N’importe qui peut se l’approprier — comme sujet de l’écriture, comme personnage à mettre en scène, comme signature aussi. […] De l’aveu même de Chatelier, « [i]l est donc impossible de vraiment répondre à la question : Qui — ou plutôt, qu’est-ce que le Général Instin ? […] Il n’y a pas de chef, pas d’organisation, c’est un fonctionnement particulier. Il n’y a jamais eu non plus de comité de rédaction. Ni de réunion. Une tentative de séminaire a capoté. Il y a des opportunités et des gens qui vont s’investir, longtemps ou pas, dans cette entité. »

2017

Pour les participantes[3] au projet (on en dénombre aujourd’hui plus de deux cents), l’objectif n’est pas tant d’inventer ou de réinventer le général qui a été que de se vêtir momentanément de cette présence absente, vectrice de fiction plutôt que de mémoire historique[4]. Il s’agit, pour chacun, d’investir l’effacement partiel de l’image du général, de sans cesse le faire renaître et occuper de nouveaux lieux, de créer, à travers lui, des liens entre les fragments fictionnels, les espaces et les gens. C’est toute une éthique instinienne du rhizome qui se dessine dans ce projet[5] : le GI se constitue comme un agencement de singularités hétérogènes qui valent en elles-mêmes, mais seulement en tant qu’elles sont tournées vers l’extérieur. C’est-à-dire que dans la singularité même de chaque apport se trouvent des relais, des relances, des trous destinés à être remplis par une autre création; la conscience que dans ce procès d’accumulation et d’extension, toute oeuvre est vouée à être raturée, récupérée, transformée. La conscience, surtout, que toute contribution est appelée à flotter de façon quasi autonome puisque l’artiste est subordonné au général.

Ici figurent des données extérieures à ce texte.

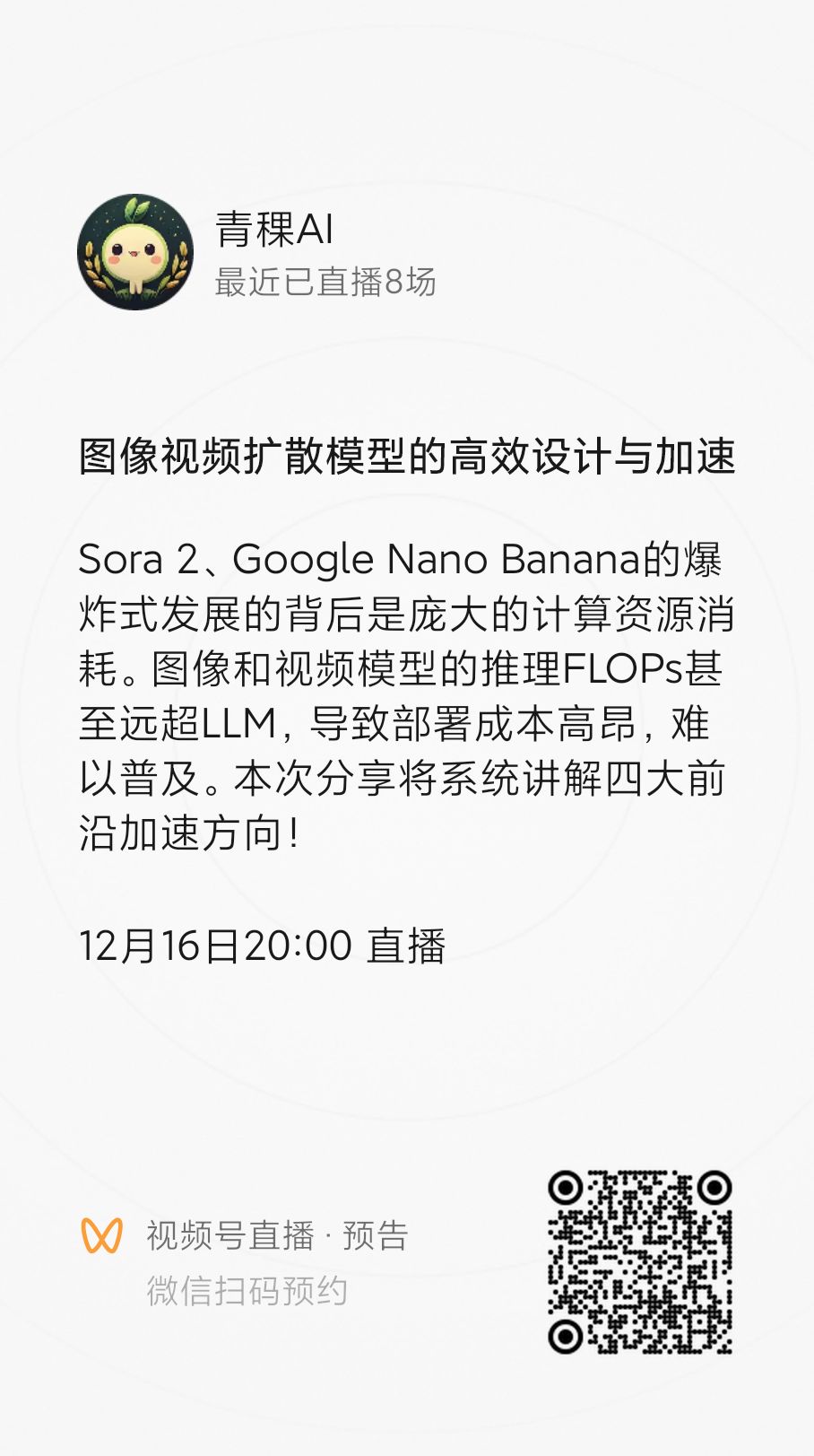 12月16日(周二)晚8点,青稞Talk 第98期,香港大学MMLab博士生陈俊松,将直播分享《SANA-Series:探索图像视频扩散模型的高效设计与加速》。

Ce côté rhizomatique du GI est celui qui a été traité le plus largement jusqu’à maintenant, et ce, principalement au regard des études sur la littérature numérique[6]. Nous notons cependant que les actions in situ, qui tracent plusieurs lignes de fuite dans le rhizome instinien, n’ont reçu que peu d’attention académique, se voyant plutôt intégrées à la question de l’éditorialisation. En conséquence de quoi une certaine résistance politique — la part guerrière — du Général est, selon nous, laissée dans l’ombre. Afin de remettre ces pratiques in situ de l’avant, nous déplacerons le cadre d’analyse du projet d’une perspective littéraire à une approche philosophique par laquelle nous approfondirons les lectures deleuziennes ébauchées par la critique. De même, nous choisirons d’aborder les différentes contributions au GI en termes de gestes fictionnalisants plutôt qu’en termes de textes. Ce sont ces déplacements et leurs effets que nous nous attacherons à préciser dans la première partie de l’article. En nous appuyant sur les exemples de la campagne mondiale d’affichage et des festivals Instin, nous verrons dans la seconde partie comment une machine fictionnelle telle que le GI peut devenir une machine de guerre[7] au sens où l’entendent Deleuze et Guattari, c’est-à-dire une forme d’assemblage où la multiplicité s’oppose à l’unité, où le mouvement et la transformation s’opposent à la fixité des représentations imposées, où la ligne de fuite s’oppose à la circonscription dans un territoire régulé.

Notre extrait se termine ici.